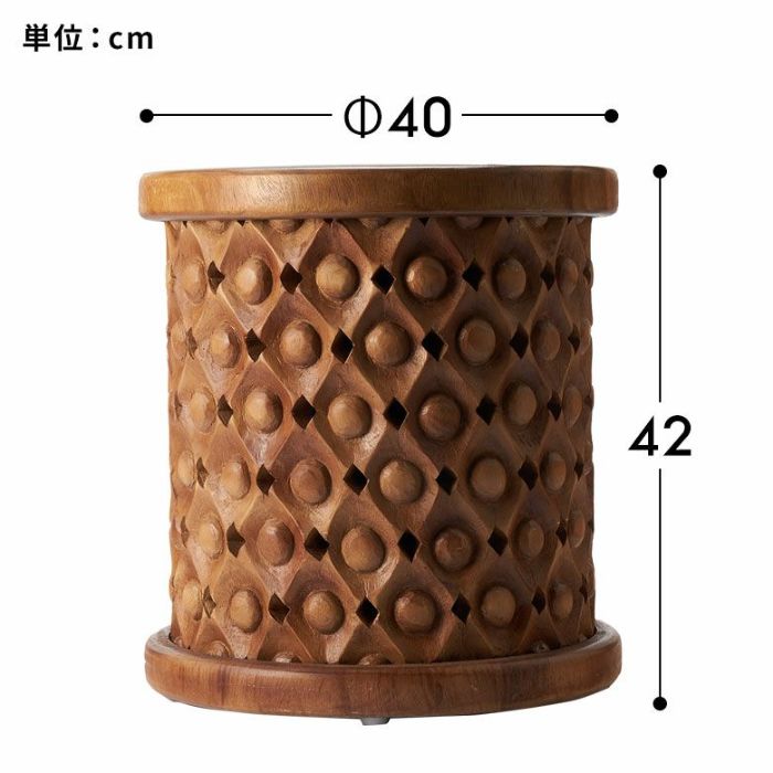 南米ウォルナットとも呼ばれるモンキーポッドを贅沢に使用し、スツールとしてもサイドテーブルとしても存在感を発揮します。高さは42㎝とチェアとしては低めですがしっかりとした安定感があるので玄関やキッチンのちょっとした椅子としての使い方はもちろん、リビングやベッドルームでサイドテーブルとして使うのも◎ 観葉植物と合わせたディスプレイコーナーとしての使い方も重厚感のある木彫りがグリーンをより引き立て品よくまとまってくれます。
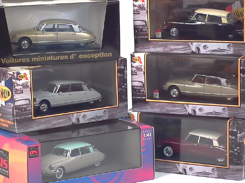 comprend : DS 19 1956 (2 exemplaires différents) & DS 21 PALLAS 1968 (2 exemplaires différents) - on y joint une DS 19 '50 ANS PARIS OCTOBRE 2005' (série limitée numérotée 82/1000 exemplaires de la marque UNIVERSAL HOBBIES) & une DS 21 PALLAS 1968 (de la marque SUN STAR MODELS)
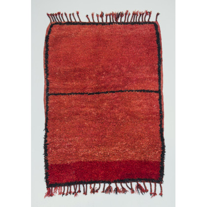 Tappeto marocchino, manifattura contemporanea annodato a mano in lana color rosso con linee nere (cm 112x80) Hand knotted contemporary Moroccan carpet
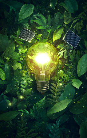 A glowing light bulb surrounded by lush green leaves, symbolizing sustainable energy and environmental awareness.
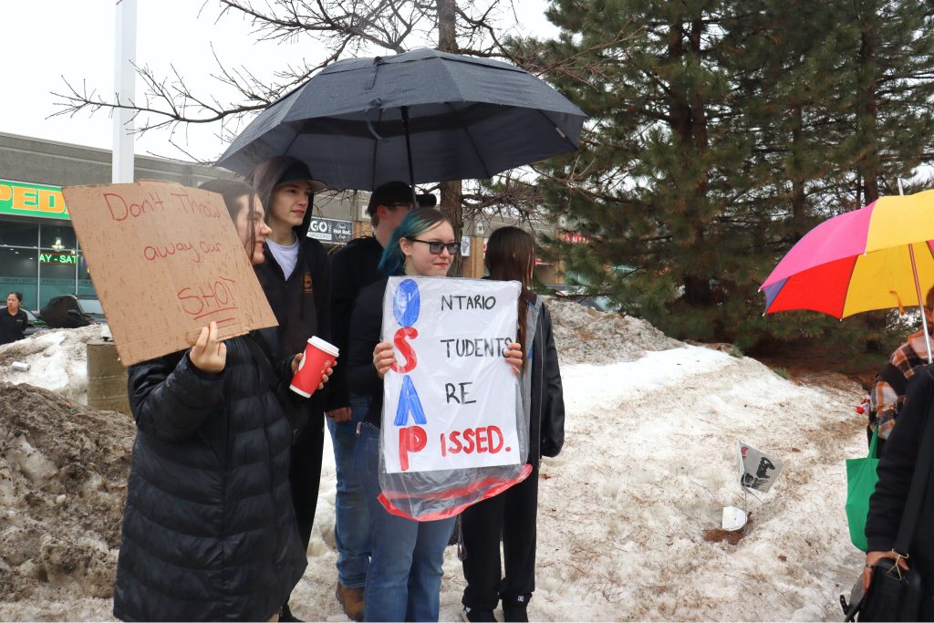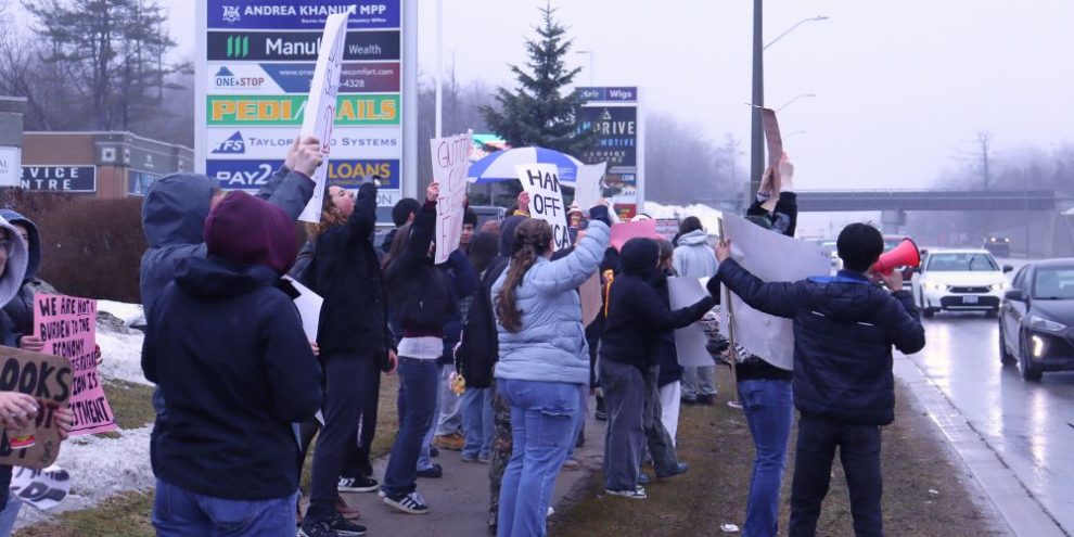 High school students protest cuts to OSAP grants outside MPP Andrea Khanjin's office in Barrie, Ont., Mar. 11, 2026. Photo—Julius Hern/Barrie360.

━━━━━━━━━━━━━━━━━━━━

▶ _Task prompt_: What is needed is a word-for-word restatement of the lines from the one holding "Tappeto marocchino, manifattura" to the final line of the data above, inclusive, without any pictures.

▶ _Response for this exercise_:
 Tappeto marocchino, manifattura contemporanea annodato a mano in lana color rosso con linee nere (cm 112x80) Hand knotted contemporary Moroccan carpet
 A glowing light bulb surrounded by lush green leaves, symbolizing sustainable energy and environmental awareness.
 High school students protest cuts to OSAP grants outside MPP Andrea Khanjin's office in Barrie, Ont., Mar. 11, 2026. Photo—Julius Hern/Barrie360.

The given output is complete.